== Segment start ==
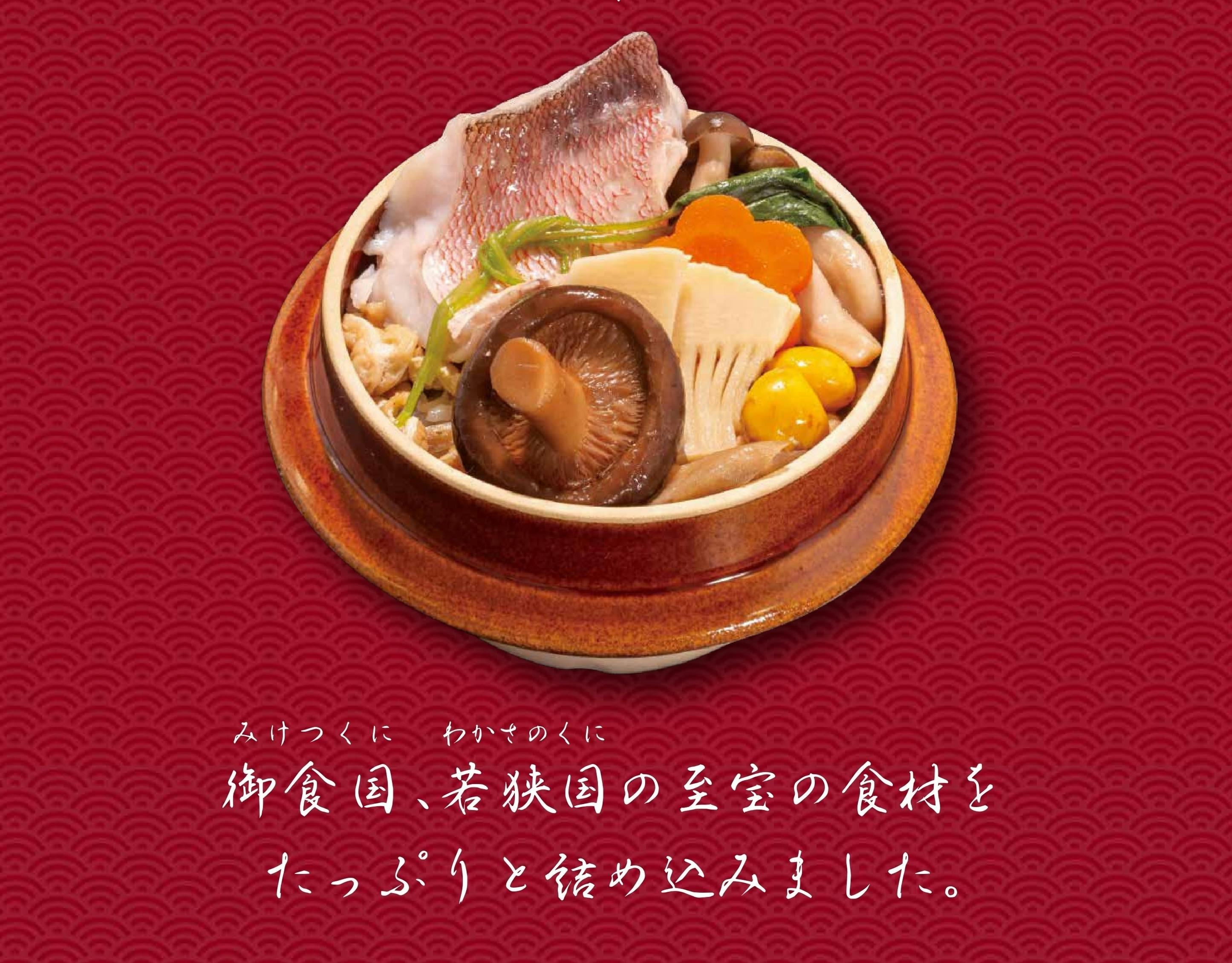 若狭地方の食材をふんだんに使用した”冷凍の釜めし”です。
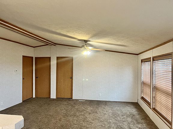 - Description: Ceiling fan, vaulted ceiling, carpet. Open to kitc
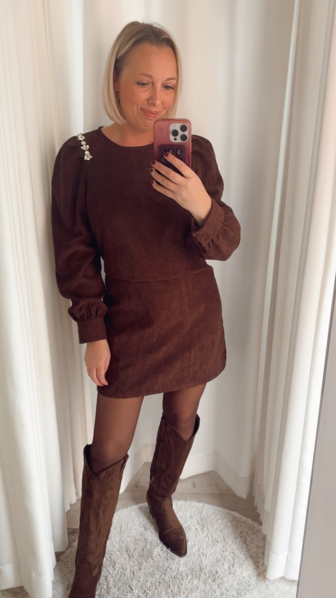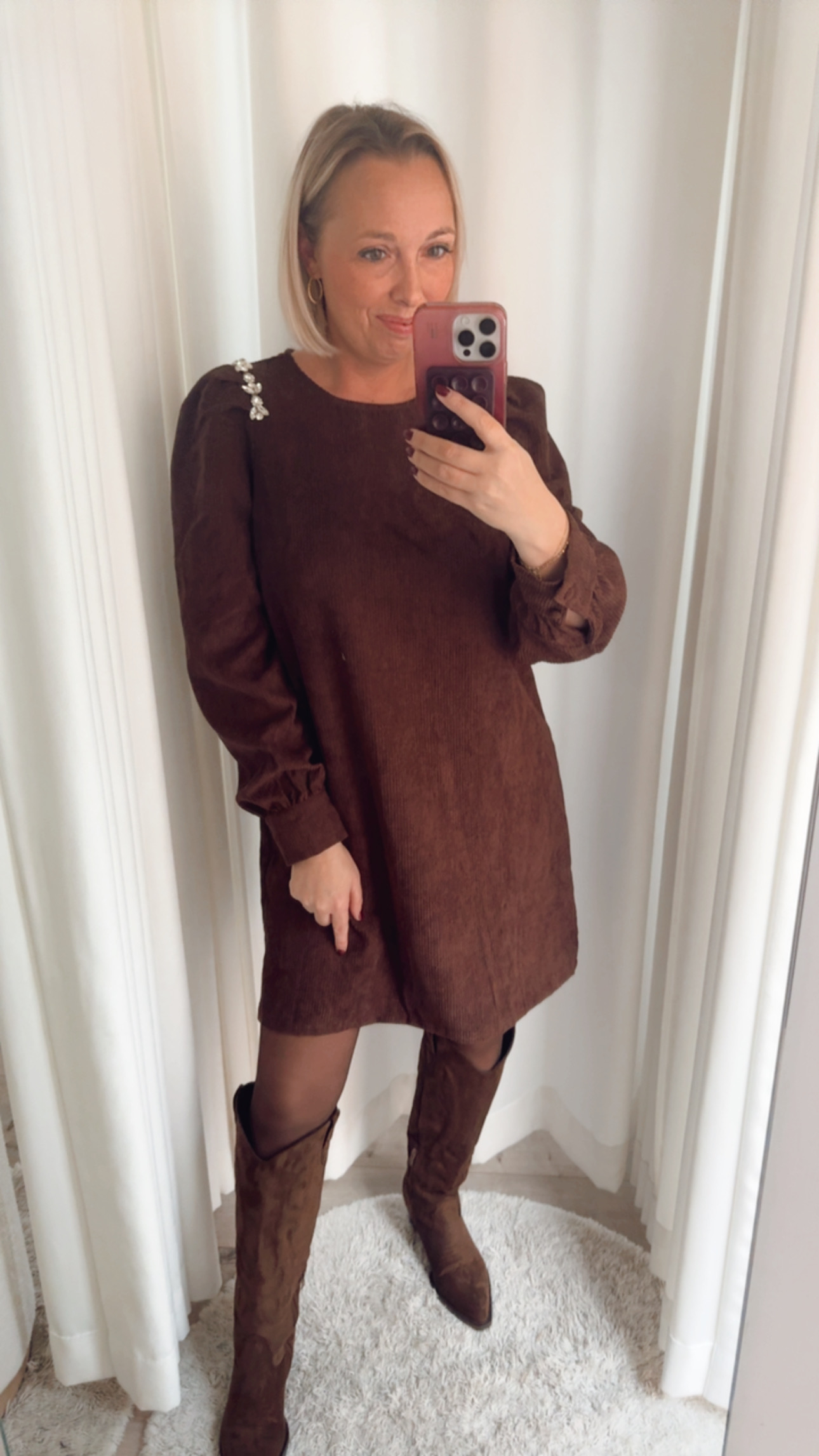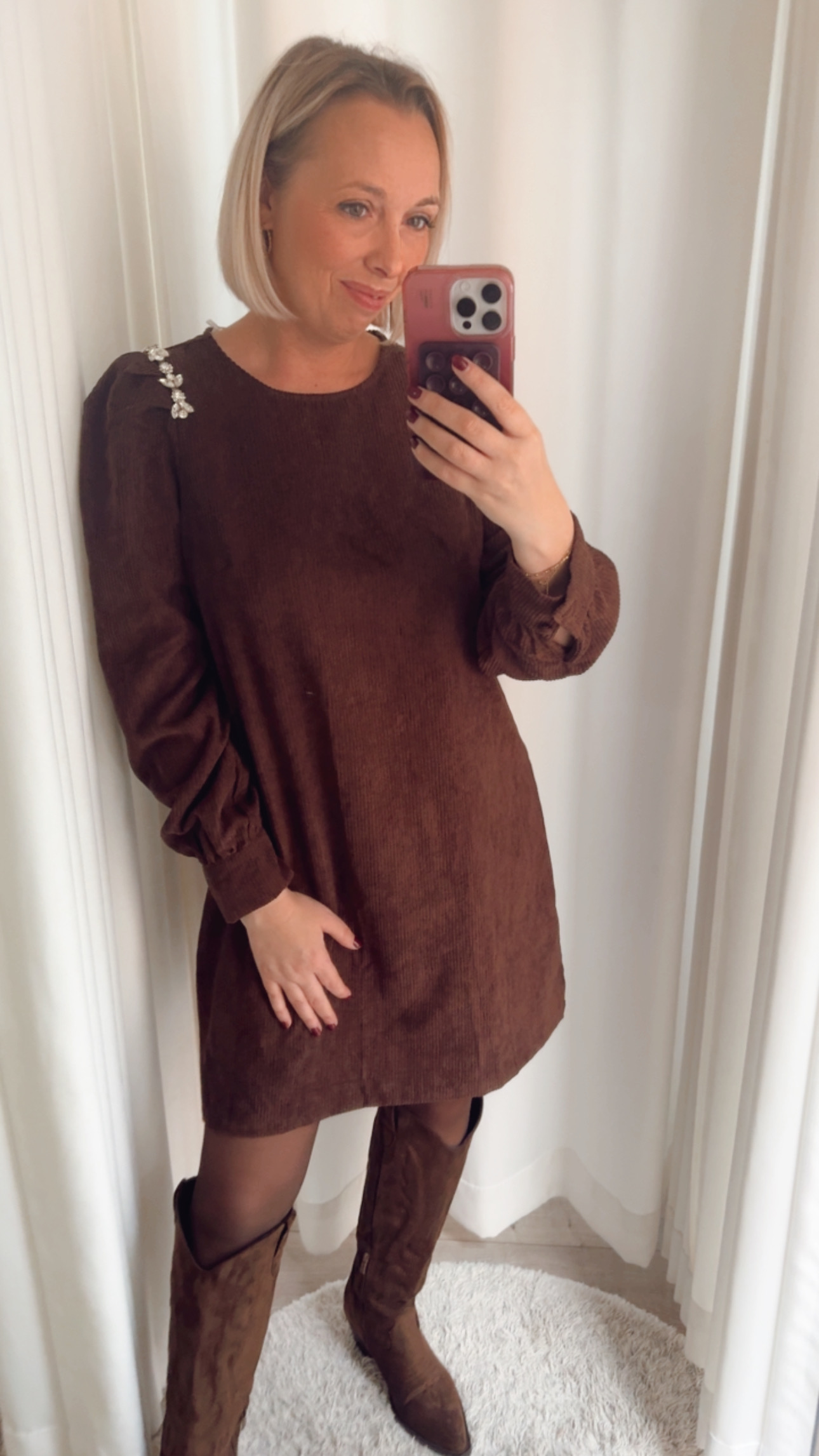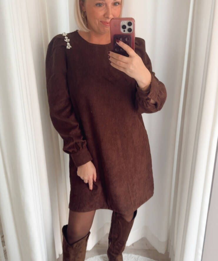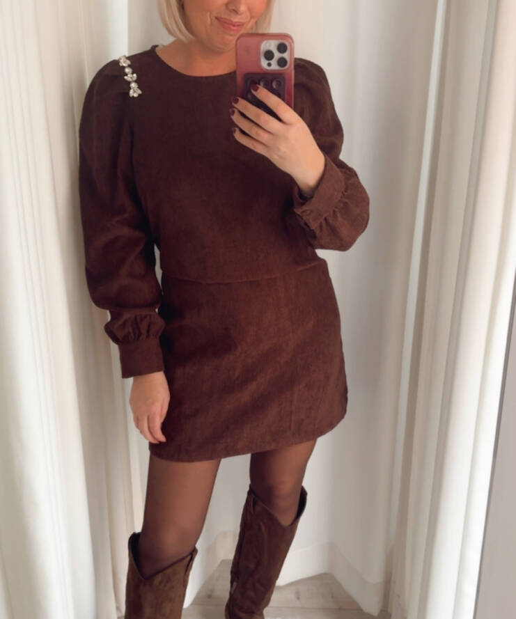 Onze jurk Célestine is DE jurk om de feestdagen mee door te brengen. Deze korte velvet jurk is tijdloos en straalt van eenvoud door de fluwelen stof. De ronde halslijn voegt een vleugje verfijning toe, terwijl de diamanten knoopsluiting op de schouder zowel praktisch als elegant is.
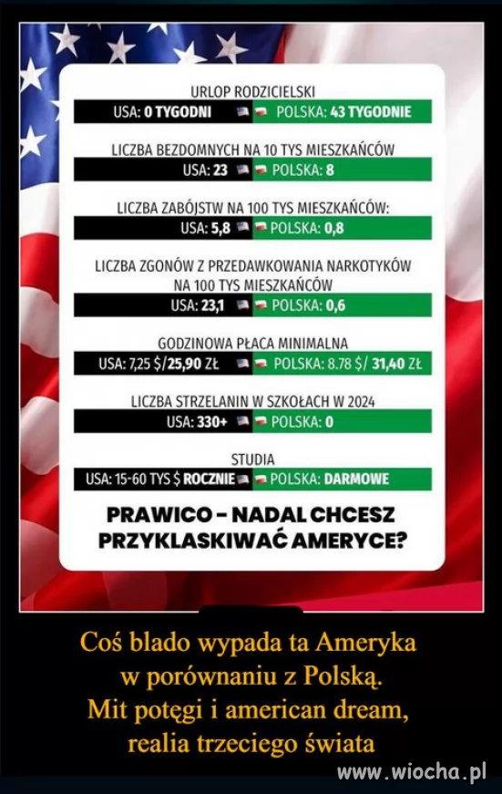 @typhon - w każdym porównaniu USA wypada gorzej. Nawet w polityce są 100-120 lat do tyłu, choć doceniam - ówczesne pomysły przebijają z rozmachem godnym Ameryki. Lenin powiedział, że państwem może rządzić kucharka? No to u nas będzie Pomarańczowa Małpa. Kiedyś była "dyplomacja kanonierek"? No to u nas będą lotniskowce. Itd., itp...
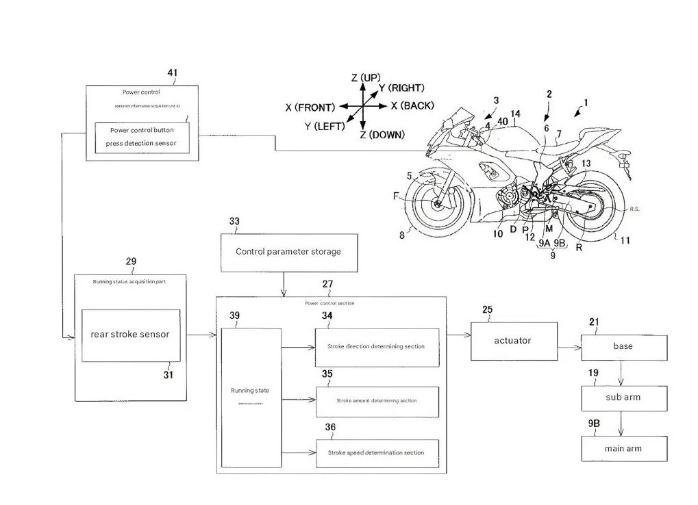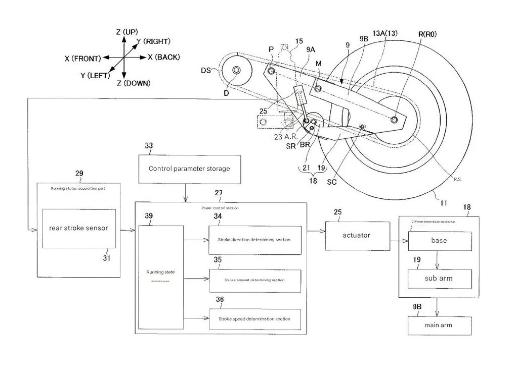 Yamaha a depus un nou brevet care descrie o basculă spate cu geometrie variabilă, capabilă să modifice poziția roții spate în timpul mersului. Scopul acestui sistem este ajustarea dinamică a aderenței în viraje, în funcție de impulsurile pilotului și viteză.
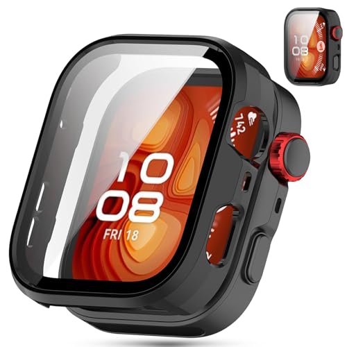 Dl3 Mobilak - جراب حماية متوافق مع ساعة هواوي فيت 4 برو من دلـع موبايلك، جراب صلب رفيع بتغطية كاملة، شاشة حماية من الزجاج المقوى مدمج لساعة هواوي فيت 4 برو (أسود)
== Segment end ==
Would you reproduce the listing above in full and exactly, without its pictures?

[Answer box]
 若狭地方の食材をふんだんに使用した”冷凍の釜めし”です。
 - Description: Ceiling fan, vaulted ceiling, carpet. Open to kitc
 Onze jurk Célestine is DE jurk om de feestdagen mee door te brengen. Deze korte velvet jurk is tijdloos en straalt van eenvoud door de fluwelen stof. De ronde halslijn voegt een vleugje verfijning toe, terwijl de diamanten knoopsluiting op de schouder zowel praktisch als elegant is.
 @typhon - w każdym porównaniu USA wypada gorzej. Nawet w polityce są 100-120 lat do tyłu, choć doceniam - ówczesne pomysły przebijają z rozmachem godnym Ameryki. Lenin powiedział, że państwem może rządzić kucharka? No to u nas będzie Pomarańczowa Małpa. Kiedyś była "dyplomacja kanonierek"? No to u nas będą lotniskowce. Itd., itp...
 Yamaha a depus un nou brevet care descrie o basculă spate cu geometrie variabilă, capabilă să modifice poziția roții spate în timpul mersului. Scopul acestui sistem este ajustarea dinamică a aderenței în viraje, în funcție de impulsurile pilotului și viteză.
 Dl3 Mobilak - جراب حماية متوافق مع ساعة هواوي فيت 4 برو من دلـع موبايلك، جراب صلب رفيع بتغطية كاملة، شاشة حماية من الزجاج المقوى مدمج لساعة هواوي فيت 4 برو (أسود)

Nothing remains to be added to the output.